Identification of a novel class of target genes and a novel type of binding sequence of heat shock transcription factor in Saccharomyces cerevisiae.

In response to hyperthermia, heat shock transcription factor (HSF) activates transcription of a set of genes encoding heat shock proteins (HSPs). The promoter regions of HSP genes contain the HSF binding sequence called the heat shock element (HSE), which consists of contiguous inverted repeats of the sequence 5'-nGAAn-3' (where n is any nucleotide).
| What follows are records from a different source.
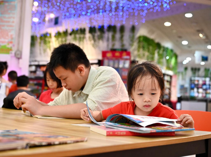 7月6日,福州新華書店鰲峰坊書城內(nèi)家長陪伴孩子讀書納涼。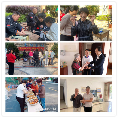10月23日上午,公務員小區(qū)、帝景豪園小區(qū)開展“愛在重陽節(jié)  情暖老人心”重陽節(jié)活動,活動中邀請業(yè)主們品嘗美食芋包子、勺子米果、蔥條等,還開展了免費的磨刀、理發(fā)等便民服務活動。針對行動不便的老人,物業(yè)中心的工作人員上門給他們送愛心米果,讓老人感受到物業(yè)節(jié)日的關懷和溫暖。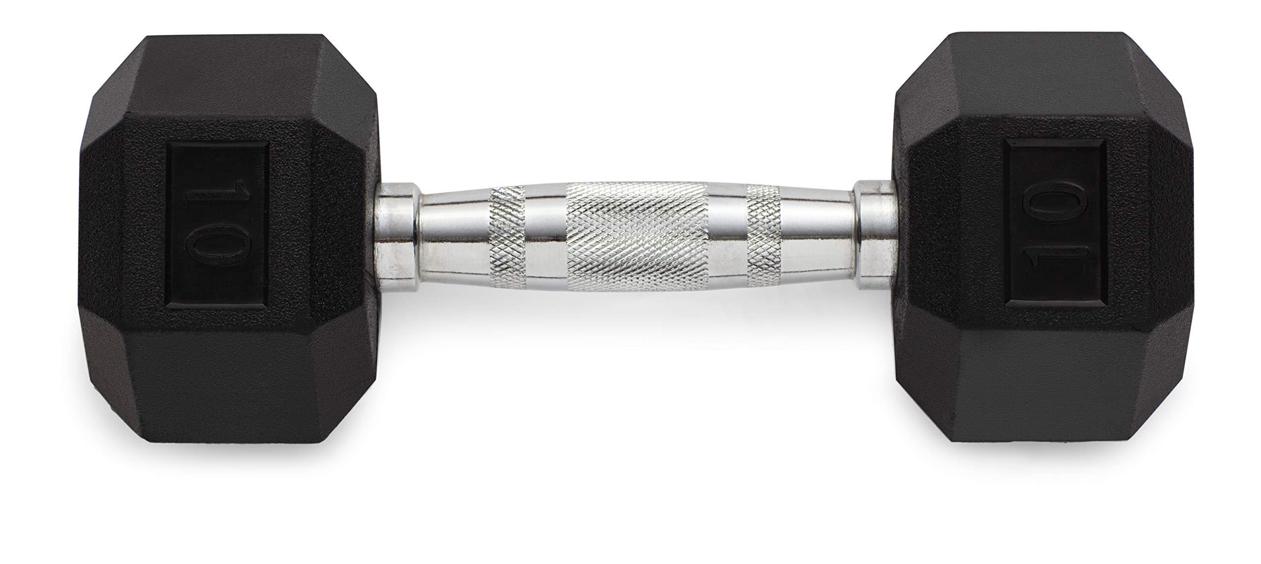 Build Your Strength: The dumbbell is an essential addition to any weightlifters home gym. Crafted from durable chrome and encased in a protective rubber coating, the Weider Rubber Hex Dumbbell collection offers a wide range of progressive weight options for everyone from casual exercisers to experienced weightlifters. Textured knurling provides a non-slip surface that fights against sweat so you can maintain your grip. Resistance training with dumbbells is multi-beneficial, improving total strength, stamina, bone health, calorie burn, and overall energy levels. Durable rubber coating protects your weights and floors from sustaining damage. Whether you are training your upper or lower body, the Weider Rubber Hex Dumbbell collection will allow you to perform targeted exercise that builds lean muscle and burns calories. Each dumbbell is sold individually, so you can build a home gym that suits your fitness level. Product Details: Thick rubber coating protects your weight and floors from damage Knurled chrome grip provides a non-slip hold for your resistance training Unique hexagonal shape prevents rolling to promote stationary storage Compact design for convenient, space-savvy storage Sold individually so you can build the perfect home gym for your needs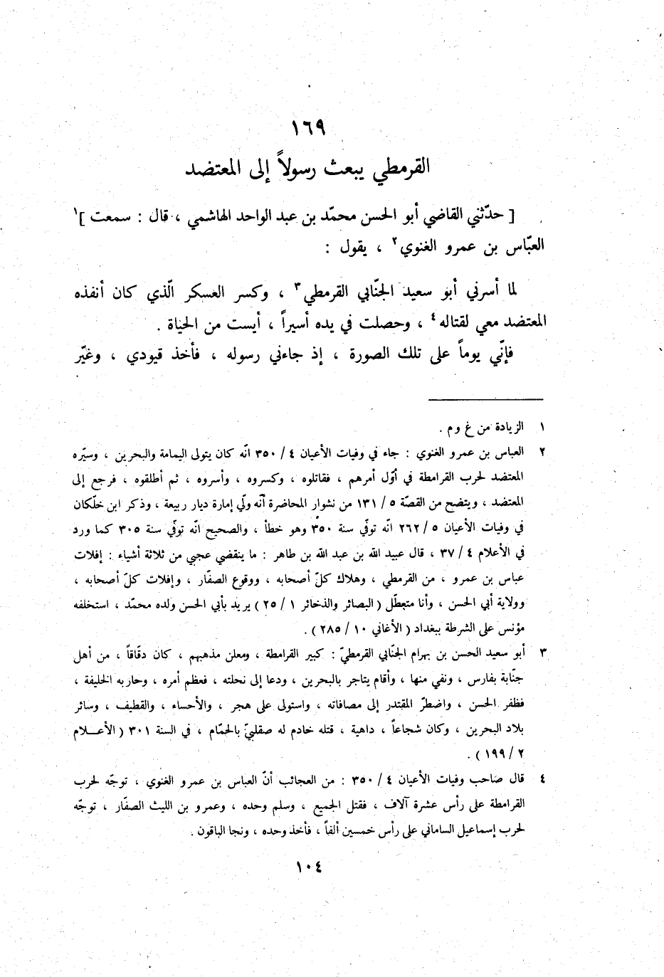 حَدثنِي القَاضِي أَبُو الْحسن مُحَمَّد بن عبد الْوَاحِد الْهَاشِمِي، قَالَ: سَمِعت الْعَبَّاس بن عَمْرو الغنوي، يَقُول: لما أسرني أَبُو سعيد الجنابي القرمطي، وَكسر الْعَسْكَر الَّذِي كَانَ أنفذه المعتضد معي لقتاله، وحصلت فِي يَده أَسِيرًا، أَيِست من الْحَيَاة.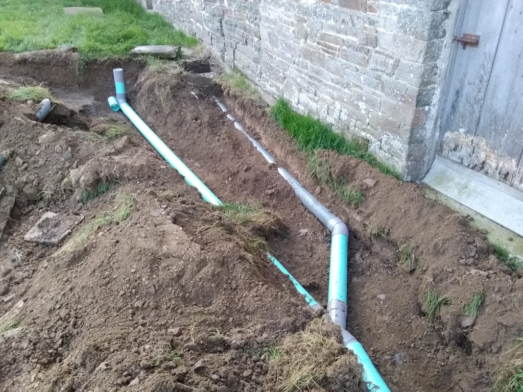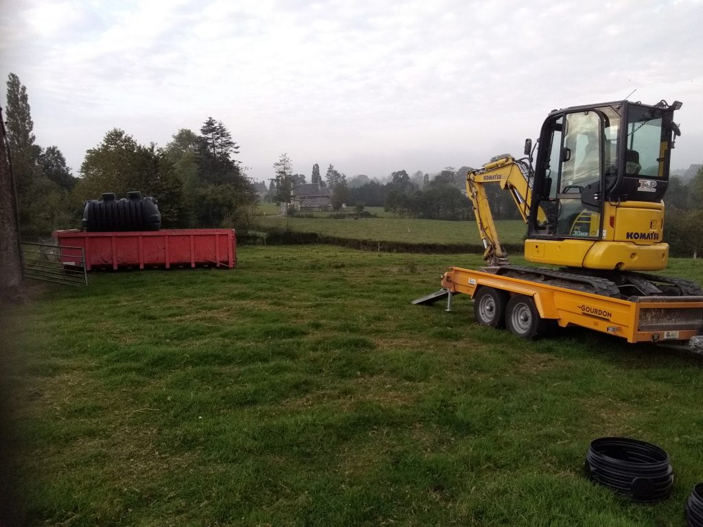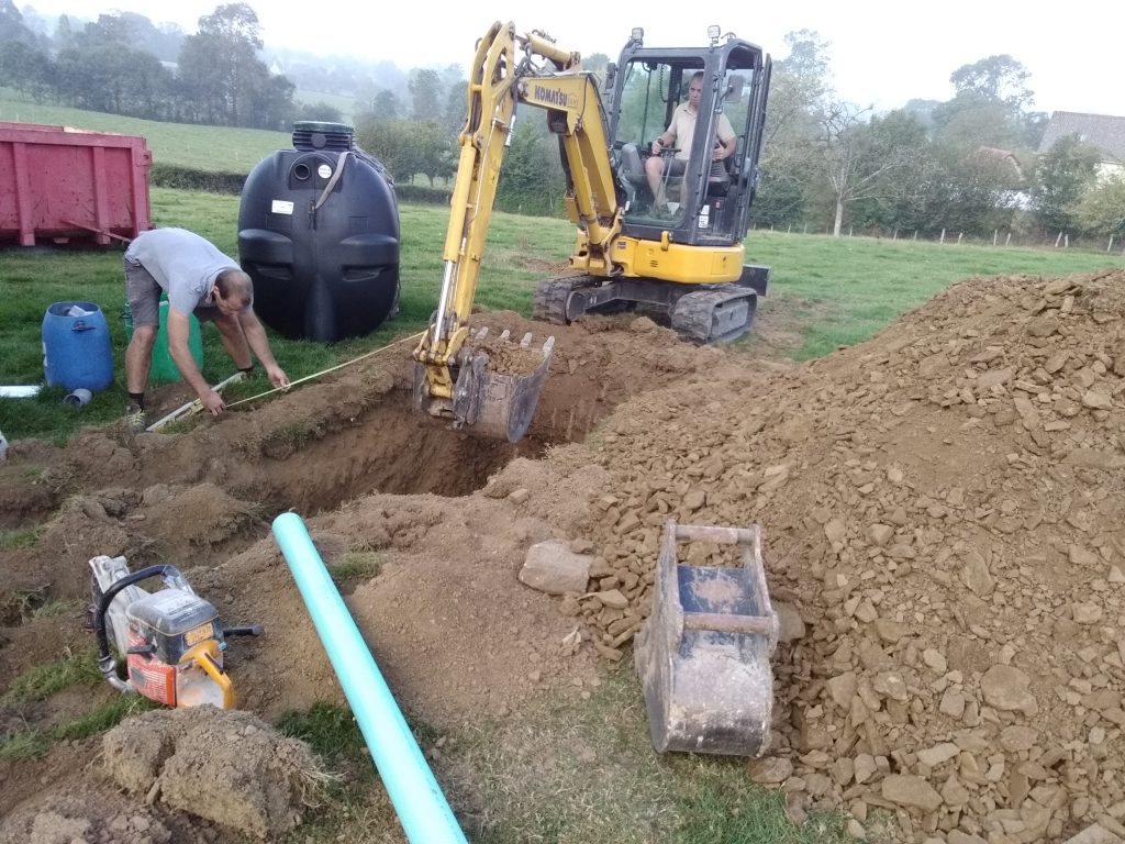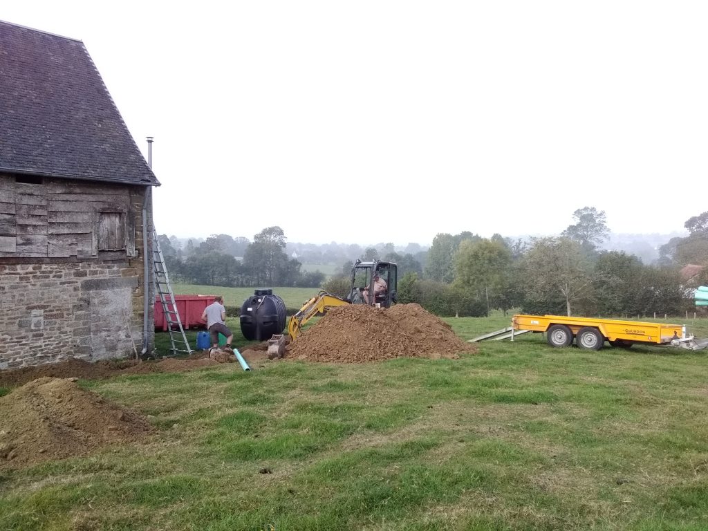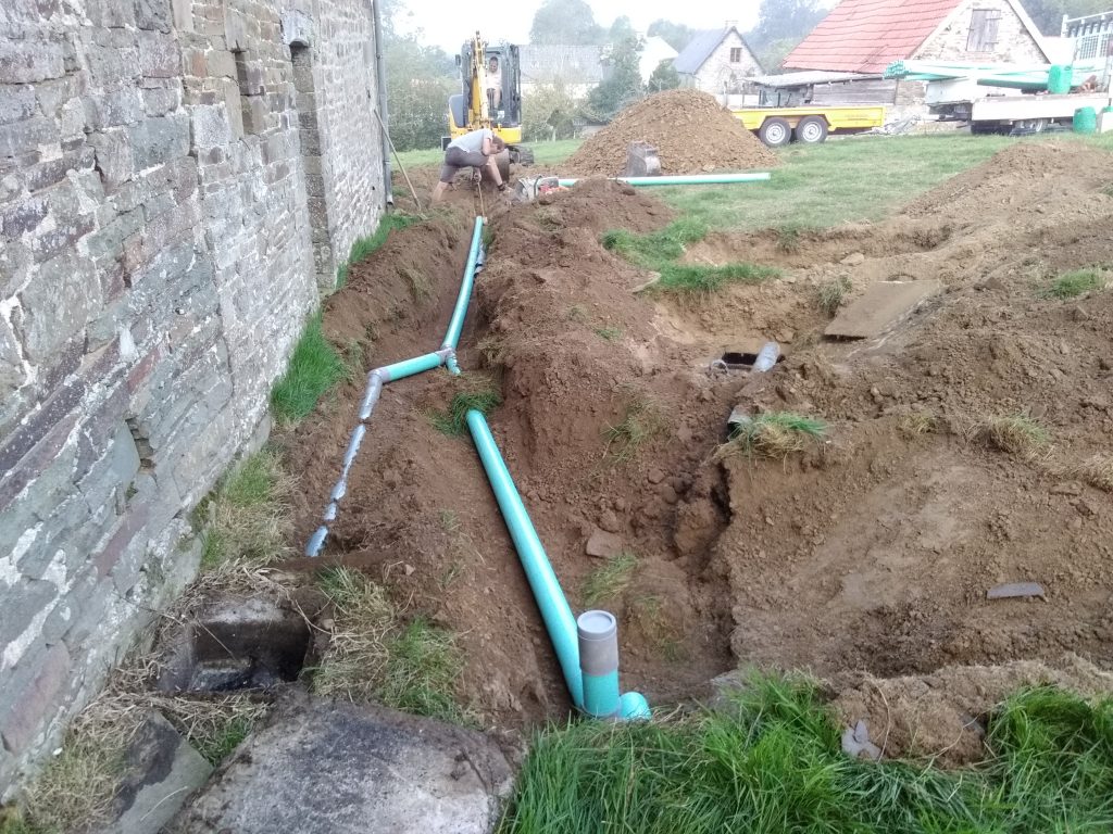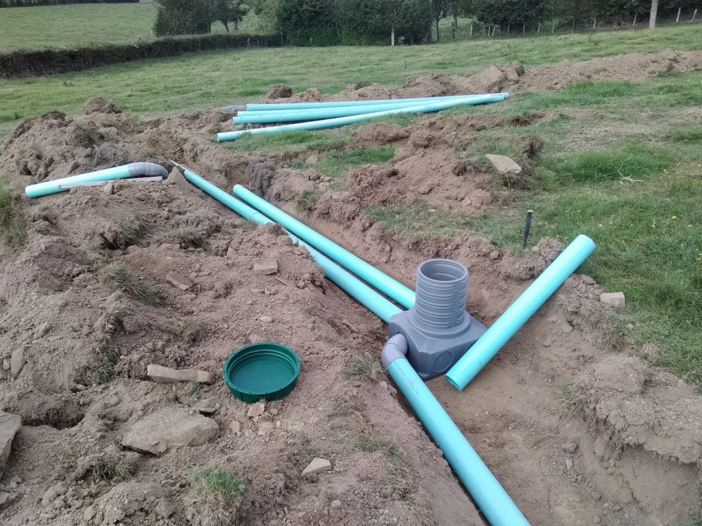 - Les eaux ainsi pré-traitées sont ensuite acheminées gravitairement vars l'épandage. Celui-ci assure un traitement efficace des eaux usées grâce aux bactéries aérobies présente naturellement dans le sol en place. Outre ce pouvoir épurateur du sol, celui-ci assure aussi une évacuation des eaux traitées par infiltration.
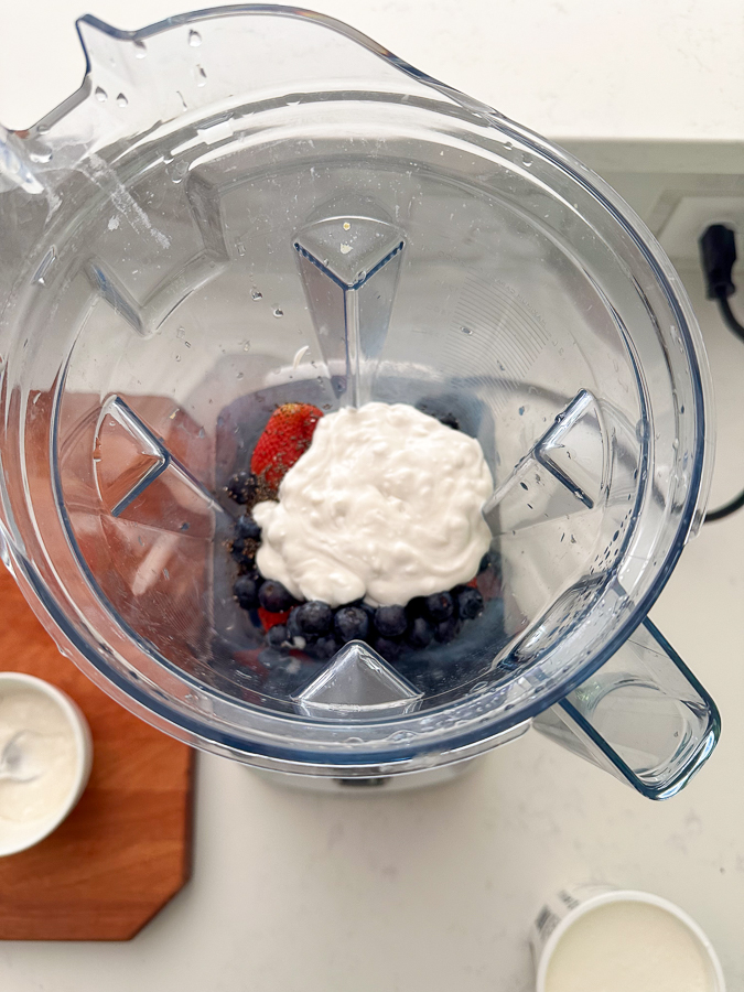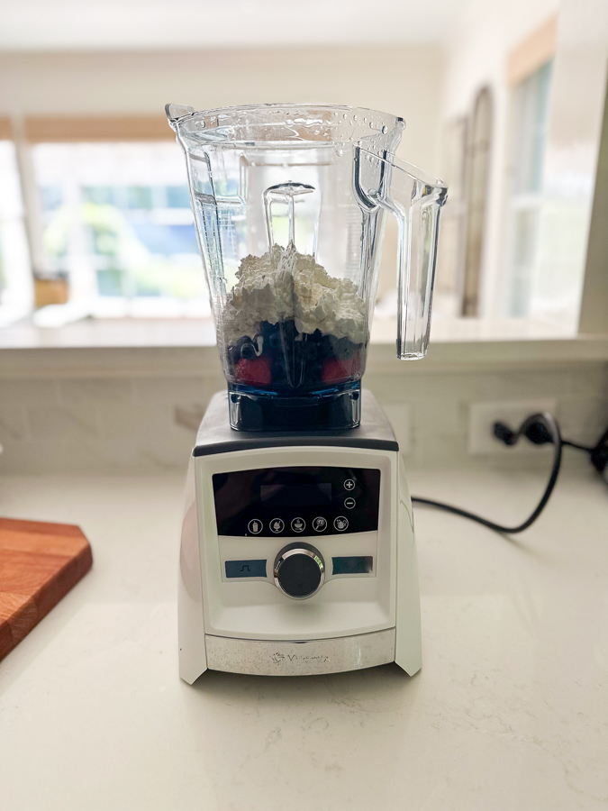 - Add washed fruit, cottage cheese, 3/4 of coconut whip, and chia seeds to a blender and blend until combined. Keep remaining coconut whip for topping.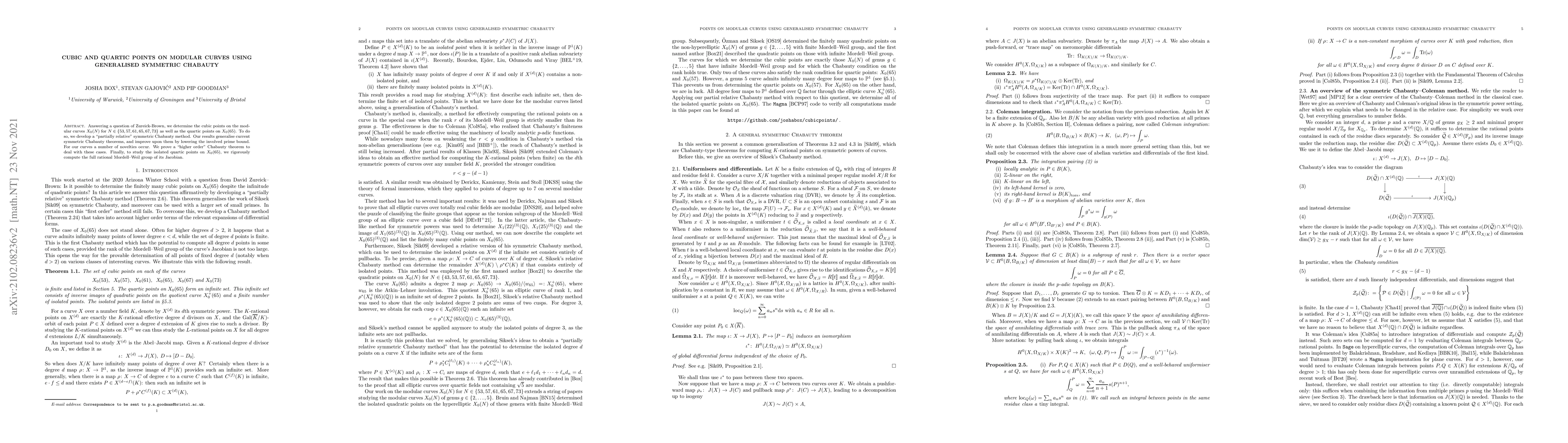 Researchers develop a new method to find points on modular curves, determining cubic points for 6 specific values of N and quartic points for X_0(65), generalizing existing theorems and improving their applicability.

We have constructed an hsf1 mutant of Saccharomyces cerevisiae and analyzed genome-wide changes in heat shock response in the mutant cells. The results have revealed that Hsf1 is necessary for heat- induced transcription of not only HSP but also genes encoding proteins involved in diverse cellular processes such as protein degradation, detoxification, energy generation, carbohydrate metabolism, and maintenance of cell wall integrity. Approximately half of the Hsf1-regulated genes lacked the typical HSE in their promoter regions. Instead, several of these genes have a novel Hsf1 binding sequence that contains three direct repeats of nTTCn (or nGAAn) interrupted by 5 bp. The number and spacing of the repeating units are critical determinants for heat-induced transcription as well as for recognition by Hsf1. In the yeast genome, the presence of the sequence is enriched in Hsf1-regulated genes, suggesting that it is generally used as an HSE in the Hsf1 regulon.[1]